This function is a I<factory>, in the sense that you give it some
arguments and it returns you a tube-compliant sub reference. All it does
is to transform an input array reference containing file names into a
data structure that contains a filehandle suitable for reading from
those files.
Suppose you have your names in two files instead of an array:
$ cat mydata-01.txt
Foo
Bar
$ cat mydata-02.txt
Baz
you can do like this:
use Data::Tubes qw< pipeline >;
pipeline(
'Source::iterate_files',
sub {
my $fh = $_[0]->{source}{fh};
chomp(my @names = <$fh>);
return records => \@names;
} # read records from one source
sub { return "Hey, $_[0]!\n" }, # returns the string
sub { print $_[0]; return }, # prints it, returns nothing
{ tap => 'sink' }, # makes sure the input is drained
)->([qw< mydata-01.txt mydata-02.txt >]);
In other terms, you have substituted the input gathering process with
different tubes, while keeping the rest of the pipeline as it was
before.
We can notice one interesting thing about C<pipeline>: in addition to
I<real> tubes, i.e. sub references, it can accept simple strings as
well, that it will take care to automatically transform into tubes. In
this case, it first turns C<Source::iterate_files> into
C<Data::Tubes::Plugin::Source::iterate_files>, then loads the function
C<iterate_files> from the relevant module and used it as a factory to
generate the real tube. We will see later how we can pass additional
parameters to this factory functions.
There are also a few things that are interesting about C<iterate_files>
(you're encouraged to read the docs in L<Data::Tubes::Plugin::Source>,
of course):
=over
=item *
it gets as input array references, containing lists of file names. The
list might be empty or contain any number of files, of course
=item *
it takes care to open them for you, returning a series of records with
details about the file;
=item *
each output record is a hash reference, containing a sub-hash associated
to the key C<source>, that holds data about the file (like the filename,
a conventional name for the channel, and of course the filehandle in key
C<fh>).
=back
=head2 What Is A Record, Toolkit Style
The representation of the output record from C<iterate_files> explained
in the previous section does not come out of the blue: the whole plugins
toolkit, with very few exceptions, works under the assumption that a
record, in each step, is a hash reference where each tube takes and adds
data. In particular, The different components in the toolkit make the
following assumptions:
=over
=item *
L<Data::Tubes::Plugin::Source> takes input from an array reference, and
emits hash references with a sub-hash pointed by key C<source>;
=item *
L<Data::Tubes::Plugin::Reader> expect to receive a hash reference with
key C<source>, from where they take the C<fh> field, and populate field
C<raw> with whatever they read;
=item *
L<Data::Tubes::Plugin::Parser> receive a hash reference with key C<raw>,
and populate key C<structured>;
=item *
L<Data::Tubes::Plugin::Renderer> receive a hash reference with key
C<structured>, and populate key C<rendered>;
=item *
L<Data::Tubes::Plugin::Writer> receive a hash reference with key
C<rendered>, and do not populate anything more (although they pass the
record along as output).
=back
So, basically, whatever is emitted by one plugin type is good as input
for the I<following> plugin type:
Source Reader Parser Renderer Writer
| ^ | ^ | ^ | ^
| | | | | | | |
+-> source -+ +-> raw -+ +- structured -+ +- rendered -+
with the notable exception that each step actually receives I<all> the
sub-fields populated by the previous tubes, which can be used to
customize the behaviour depending on your actual use case.
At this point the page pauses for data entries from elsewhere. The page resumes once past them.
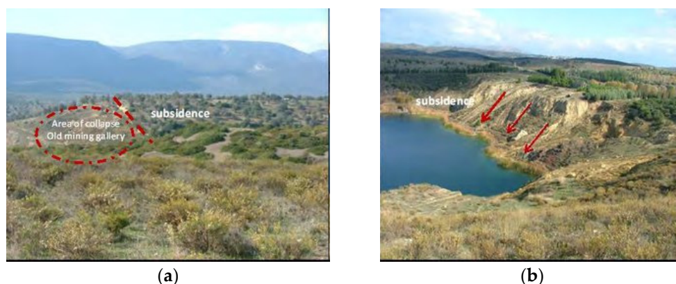
Figure 5. Aliveri pit lake: (a) SW lake's slope, where failures were observed and (b) west area where subsidence is depicted [11].

In the Aliveri area, two pit lakes were created in the final voids (Figure 5). The total water volume of the big lake was estimated at approximately 450,000–500,000 m 3 and its depth at approximately 50 m [10,11]. The lake was created after the completion of the surface lignite exploitation. The creation of remnant lakes seems to be an aesthetically acceptable solution. However, subsidence appeared at the north slope, making this area not accessible and the pit lake not stable and functional (Figure 4) [11]. The lake's water level tends to increase with time, as the main recharge comes from the rainfall, which is high in this area (900 mm/year).
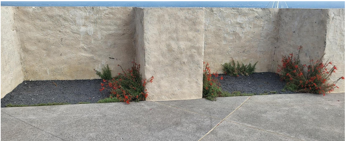
California fuchsia planted in "viewing alcoves" at Panorama Park.

Proposed Solution: : Consider installing unobtrusive and hardy bunchgrasses (e.g., purple needle grass ) along the inside perimeter of the alcoves or just do nothing and let the natural pattern of traffic determine what survives, while paying attention to any invasive weeds that might take advantage.
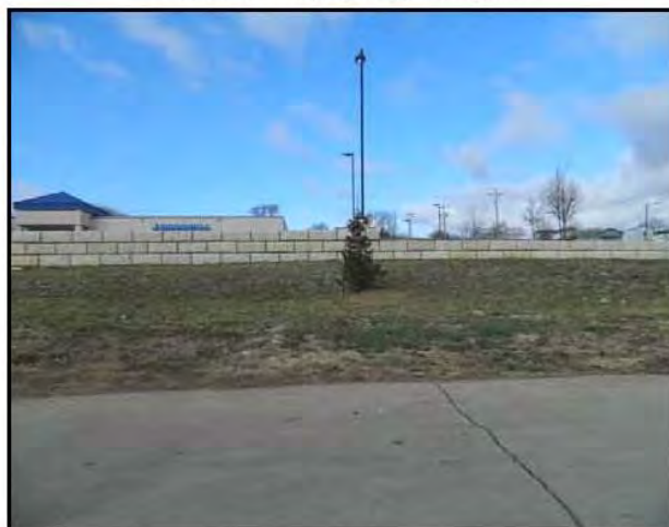
4. View of the property, facing west.
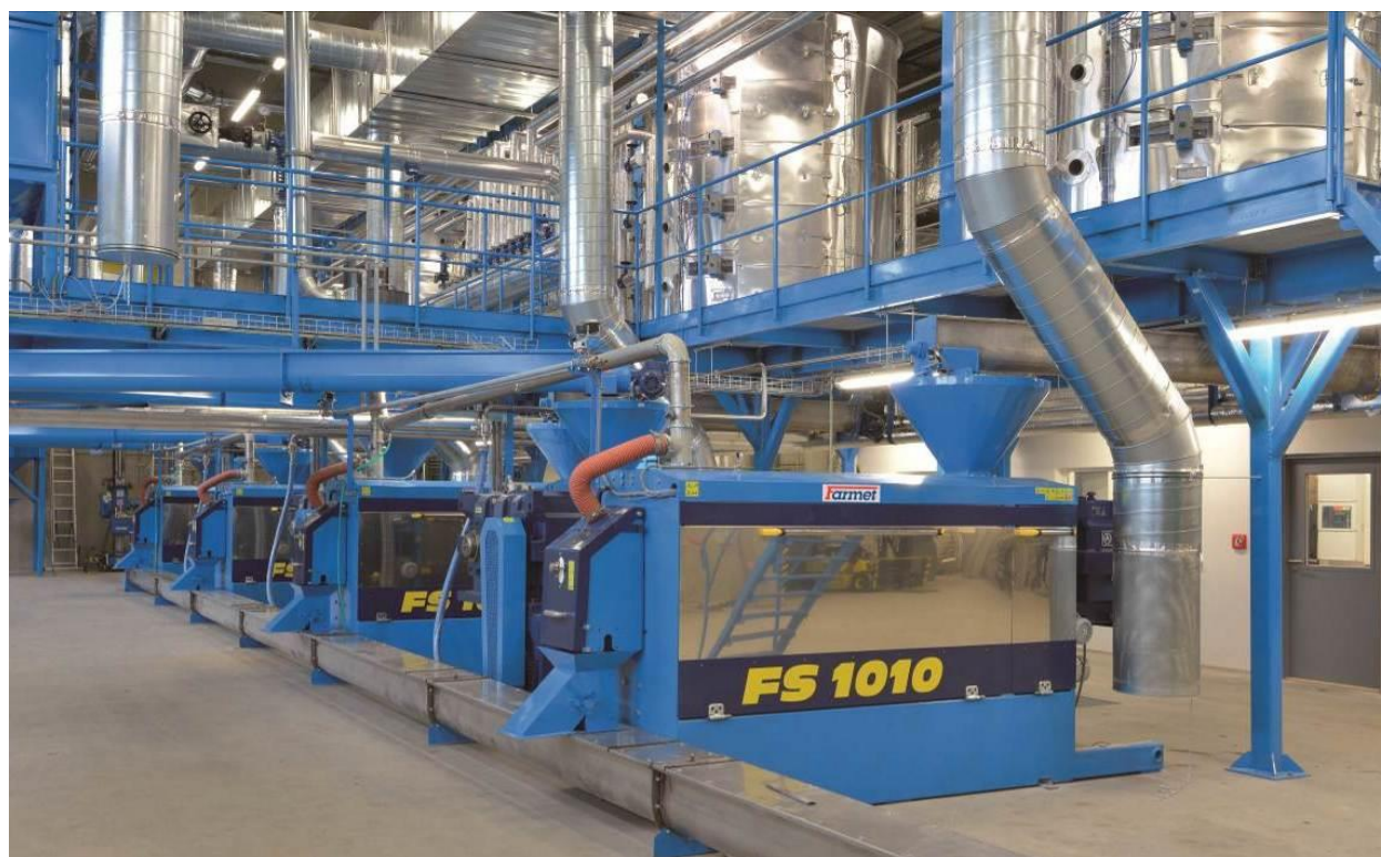
Fig. 2 – Pressing shop for vegetable oils

This material is intended for clarification of basic requirements and attitudes leading to the realization of the entire plant for extrusion of vegetable oils. It deals with the solution of the technological part of the plant and with requirements for the solution of the construction part. It does not deal with designing or realization of the construction part, energy sources or media. Standards of Farmet Corporation for the technological device delivery have been stated there.
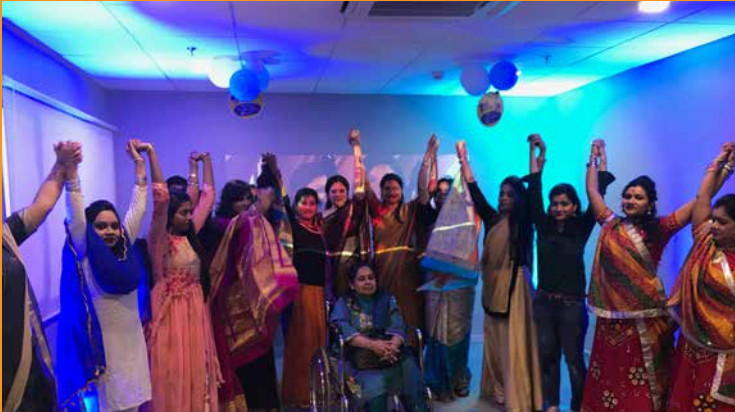
The first anniversary of Bhagirathi Neotia Woman and Child Care Centre, New Town, was celebrated on the hospital premises
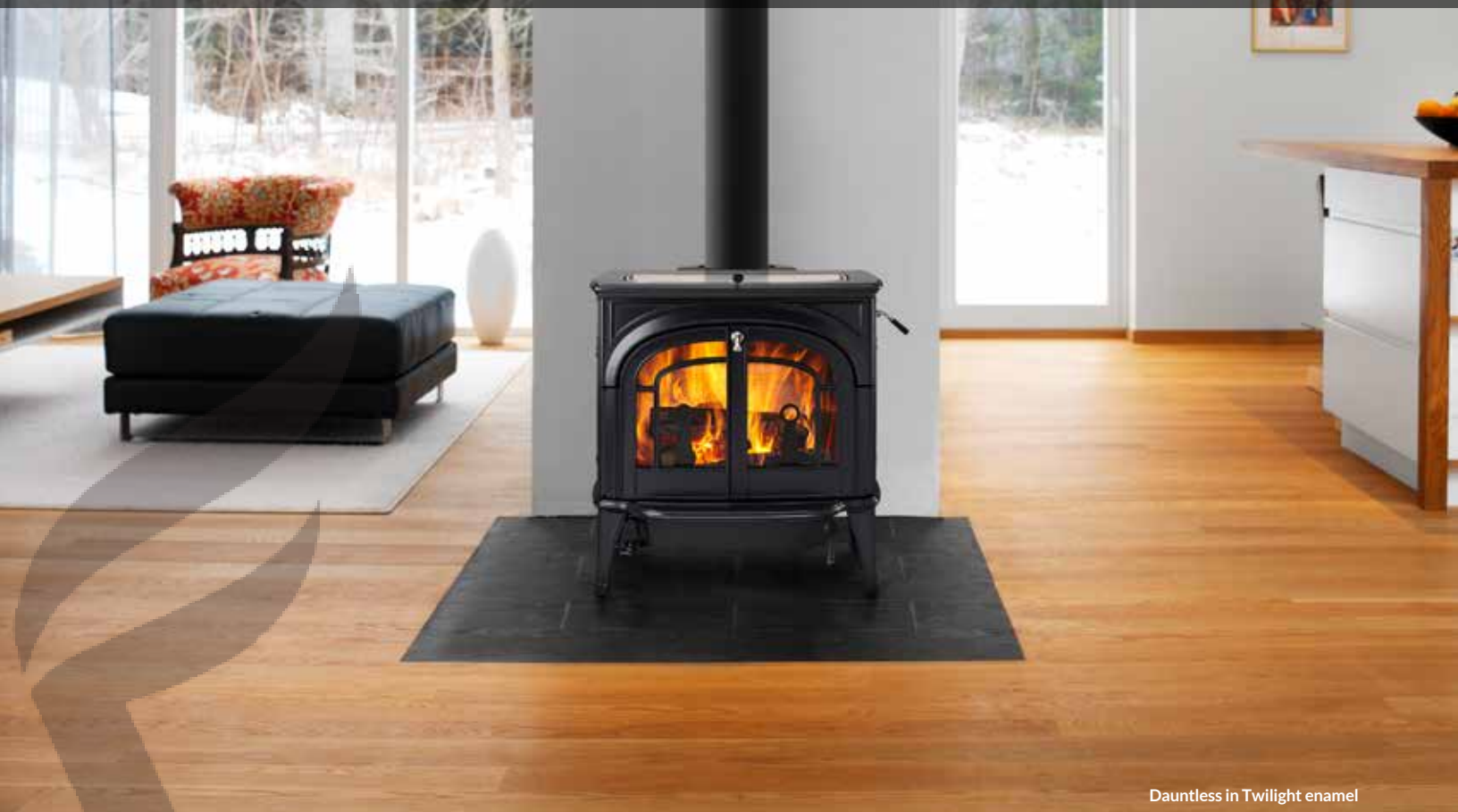
Dauntless in Twilight enamel
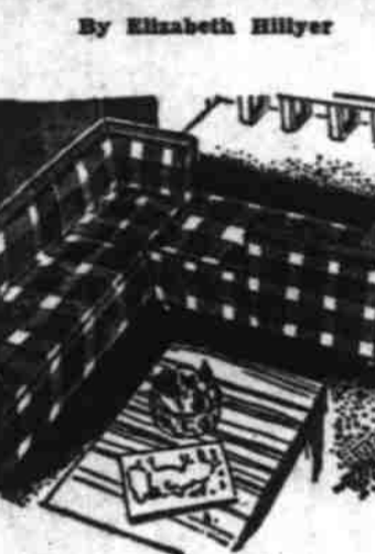
USE A PENCIL

Get out a pencil before you get out your pocketbook when the living room needs new upholstered furniture. The usual sofa and big chairs may not be your best bet at all. To make sure, draw the floor plan of the room and then sketch in a sofa and chairs. Now, on another floor plan, try sectional upholstered units. They come in so many sizes and styles there's no end to what you can do with arrangements. See if you can work out plans that fit the room better, crowd it less and offer more seating space and more comfort. When you're at this pencil plotting you can see for yourself that a well organized unit arrangement often makes a room look roomier even though it takes up more floor footage than scattered furniture.
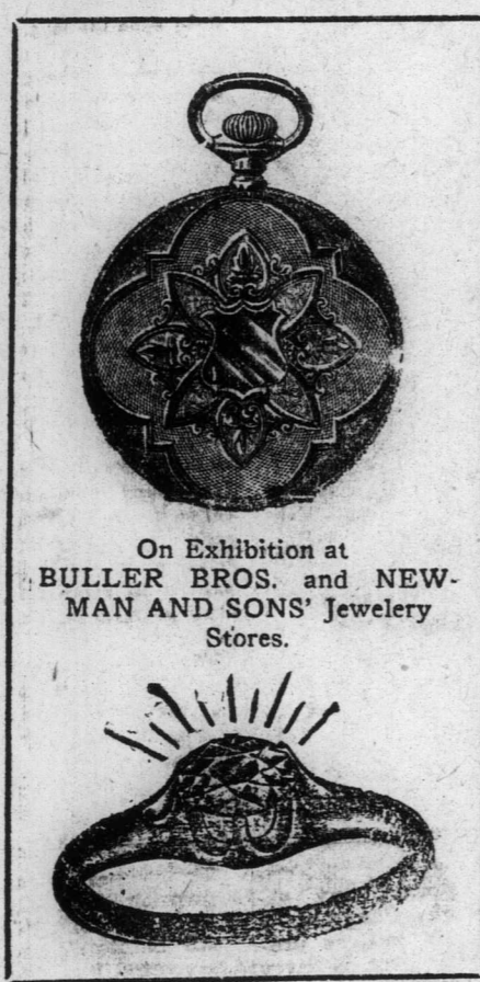
On Exhibition at BULLER BROS. and NEW-MAN AND SONS' Jewellery Stores.
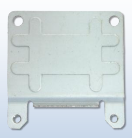
Metal Baffle x1 (Half to Full minicard bracket)
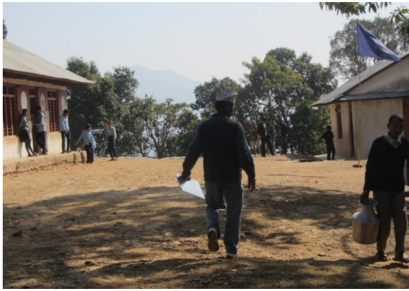
Picture 9 Peon of School carrying water vessel to fetch water from distance source (2013)
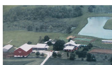
BEAUTIFUL - PRIVATE 103 ACRE FARM

Jill Johnson* $669,900 10-453-91 X1992132
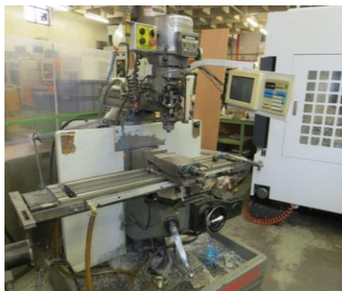
Bridgeport Eztrak Series 1 vertical milling machine with BPC-2M control
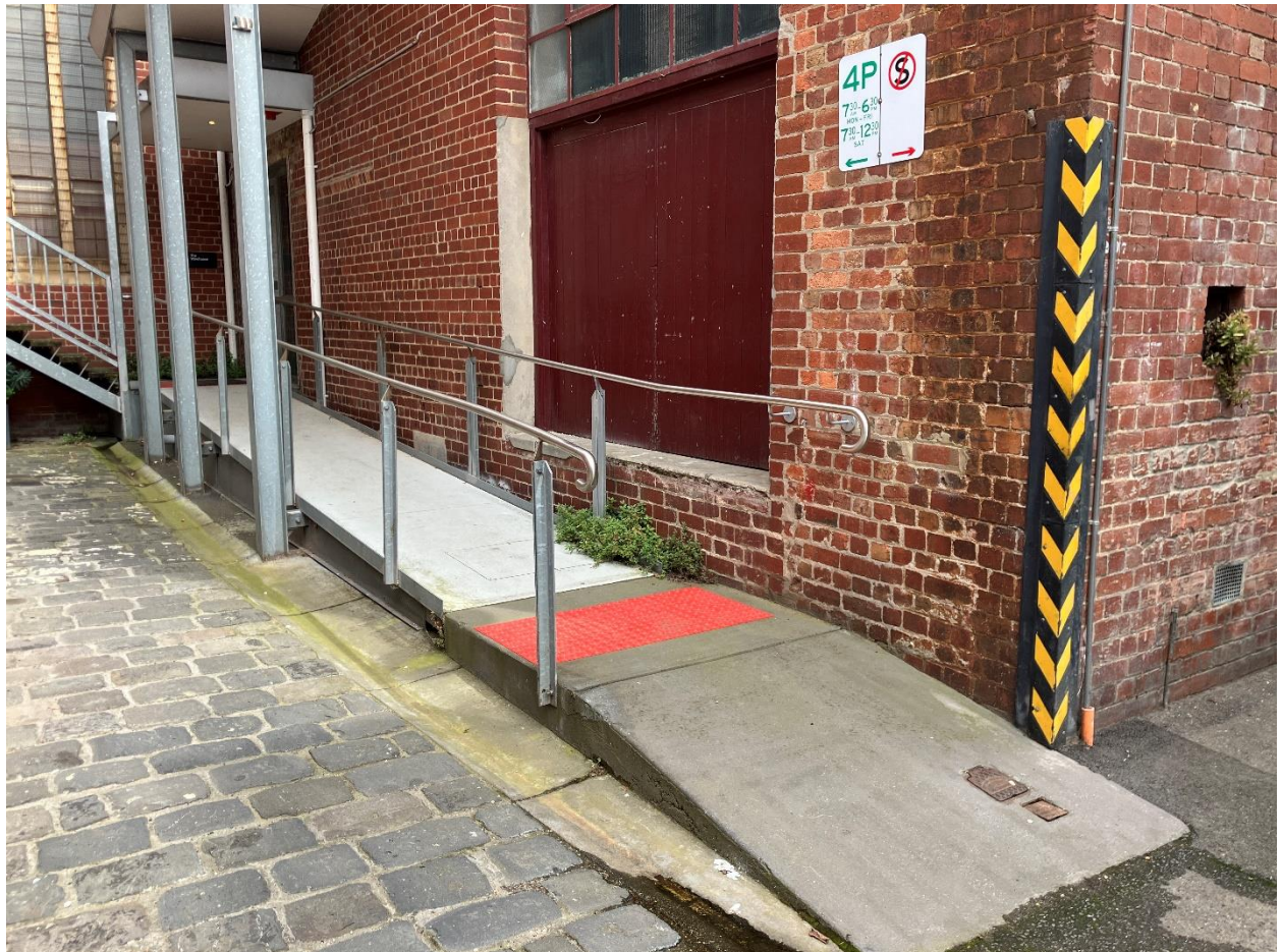
Image: view of the ramp leading to the main entrance of the Warehouse. The bottom section has no handrails. There are handrails either side of the ramp at the top section and a large red tactile surface indicator on the flat middle section. The door to Warehouse is on the right at the top of this ramp.

The main Warehouse entrance has a wheelchair accessible ramp that is 1150mm wide. The bottom section of the ramp has a gradient of 1:6 and has no handrails. The upper section has a gradient of 1:12 and has handrails on both sides.
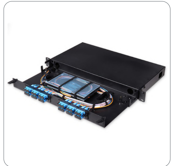
Manta 1RU Fiber Patch Panel (open)
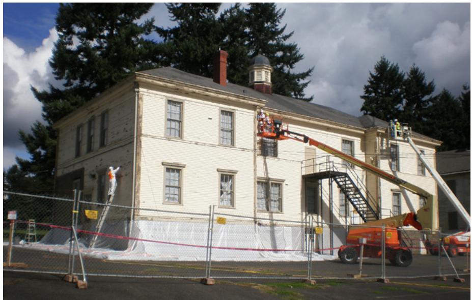
Building 991 during the project, September, 2013
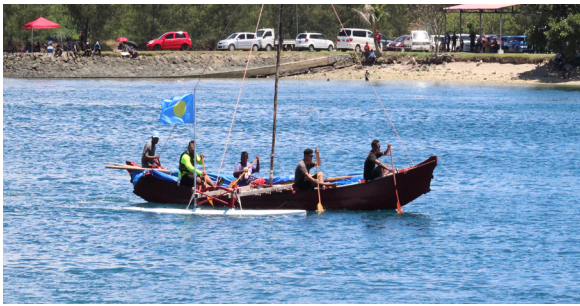
PCC staff paddling traditional canoe during flotilla
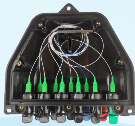
1x9 unbalanced splitter
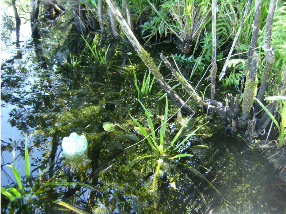
Figure 2. Funnel trap set near lake bank and fastened to a shrub by cord (Lake Glukhoye, July 2010).
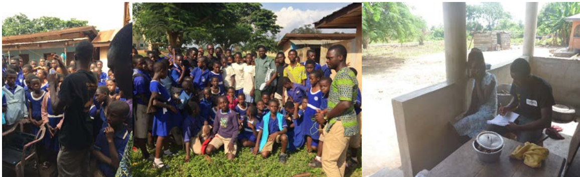
Left & Middle: School educational outreach. Right: Interviewing of local residents
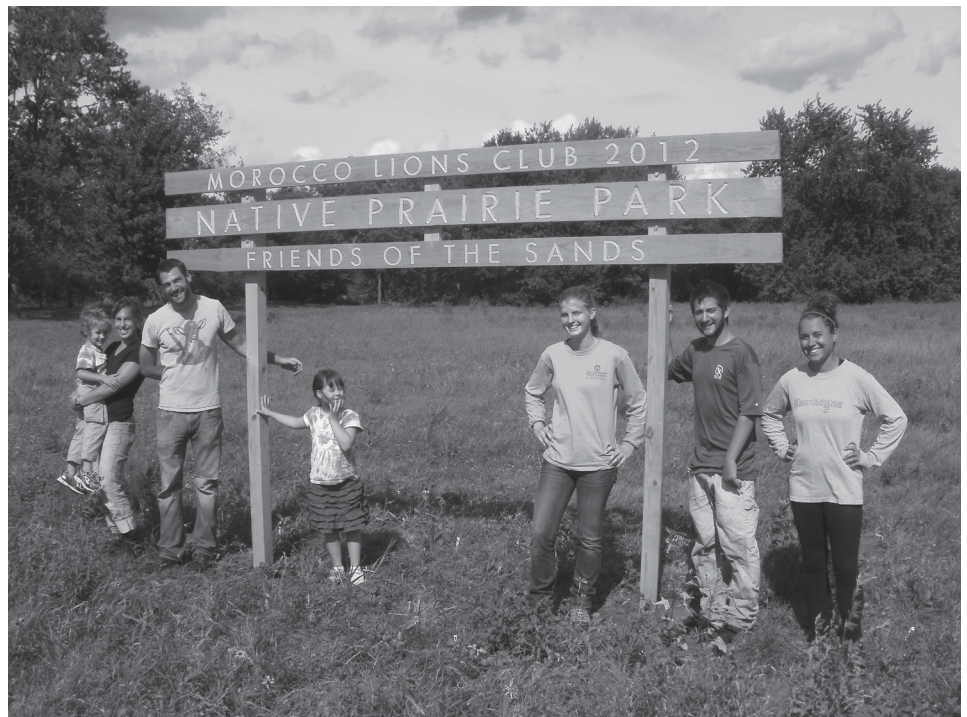
Morocco Lion's Club Friends of the Sands.
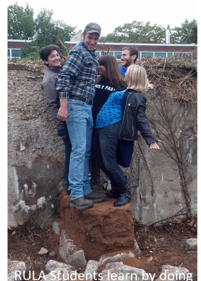
RULA Students learn by doing
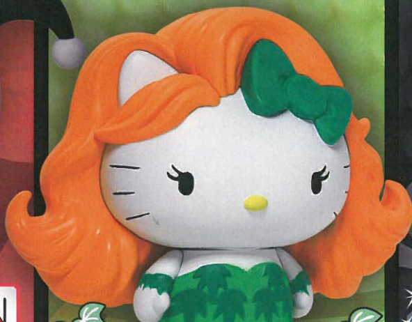
POISON IVY HELLO KITTY
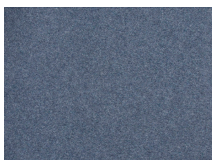
5539 Blauw 4 m

This sequence can also be useful for you to know if you want to insert
some behaviour in between. We will see some examples later.
=head2 Reading
Remember the last example from L</Managing Sources>? Here's a refresher:
use Data::Tubes qw< pipeline >;
pipeline(
'Source::iterate_files',
sub {
my $fh = $_[0]->{source}{fh};
chomp(my @names = <$fh>);
return records => \@names;
} # read records from one source
sub { return "Hey, $_[0]!\n" }, # returns the string
sub { print $_[0]; return }, # prints it, returns nothing
{ tap => 'sink' }, # makes sure the input is drained
)->([qw< mydata-01.txt mydata-02.txt >]);
It turns out that you actually don't need to do the reading of the file
line by line yourself, because there's a plugin to do that. The only
thing that we have to consider is that the read line will be put in the
C<raw> field of a hash-based record:
use Data::Tubes qw< pipeline >;
pipeline(
'Source::iterate_files',
'Reader::by_line',
sub { return "Hey, $_[0]->{raw}!\n" }, # returns the string
sub { print $_[0]; return }, # prints it, returns nothing
{ tap => 'sink' }, # makes sure the input is drained
)->([qw< mydata-01.txt mydata-02.txt >]);
Your eagle eye will surely have noticed that we got rid of the initial
plus sign before the name of the plugin. If your plugin lives directly
under the C<Data::Tubes::Plugin> namespace, this is fine (although, if
you go deeper, like C<Data::Tubes::Plugin::Foo::Bar::Baz>, you will need
to put the plus sign to get rid of the initial part until C<Plugin>
included).
A plugin to read by line might seem overkill, but it already started
sparing us a few lines of code, and I guess there are plenty of
occasions where your input records are line-based. You're invited to
take a look at L<Data::Tubes::Plugin::Reader>, where you might find
C<by_paragraph>, that reads... by the paragraph, and other reading
functions.
=head2 Passing Options To Plugins
All of a sudden, your greetings applications starts to choke and you
eventually figure that it depends on the encoding of the input file. In
particular, you discover that C<iterate_files> defaults on opening files
as C<UTF-8>, which is fine per-se, but when you print things out you get
strange messages and unfortunately your boss stops you from setting the
same encoding on STDOUT.
Don't despair! You have a few arrows available. The first one is to just
turn the input filehandle back to C<:raw>, like this:
use Data::Tubes qw< pipeline >;
pipeline(
'Source::iterate_files',
sub { binmode $_[0]->{source}{fh}, ':raw'; return $_[0]; },
'Reader::by_line',
sub { return "Hey, $_[0]->{raw}!\n" }, # returns the string
sub { print $_[0]; return }, # prints it, returns nothing
{ tap => 'sink' }, # makes sure the input is drained
)->([qw< mydata-01.txt mydata-02.txt >]);
The second one is to avoid setting the encoding in C<iterate_files> in
the first place, which can be obtained by passing options to the
factory. This is obtained by substituting the simple string with an
array reference, where the first item is the same as the string (i.e. a
I<locator> for the factory function), and the following ones are
arguments for the factory itself:
use Data::Tubes qw< pipeline >;
pipeline(
['Source::iterate_files', open_file_args => {binmode => ':raw'}],
'Reader::by_line',
sub { return "Hey, $_[0]->{raw}!\n" }, # returns the string
sub { print $_[0]; return }, # prints it, returns nothing
{ tap => 'sink' }, # makes sure the input is drained
)->([qw< mydata-01.txt mydata-02.txt >]);
=head2 Parsing
So far, we relied upon the assumption that the whole input line is what
we are really after, and we don't need to parse it any more. Alas, this
is not the case most of the times.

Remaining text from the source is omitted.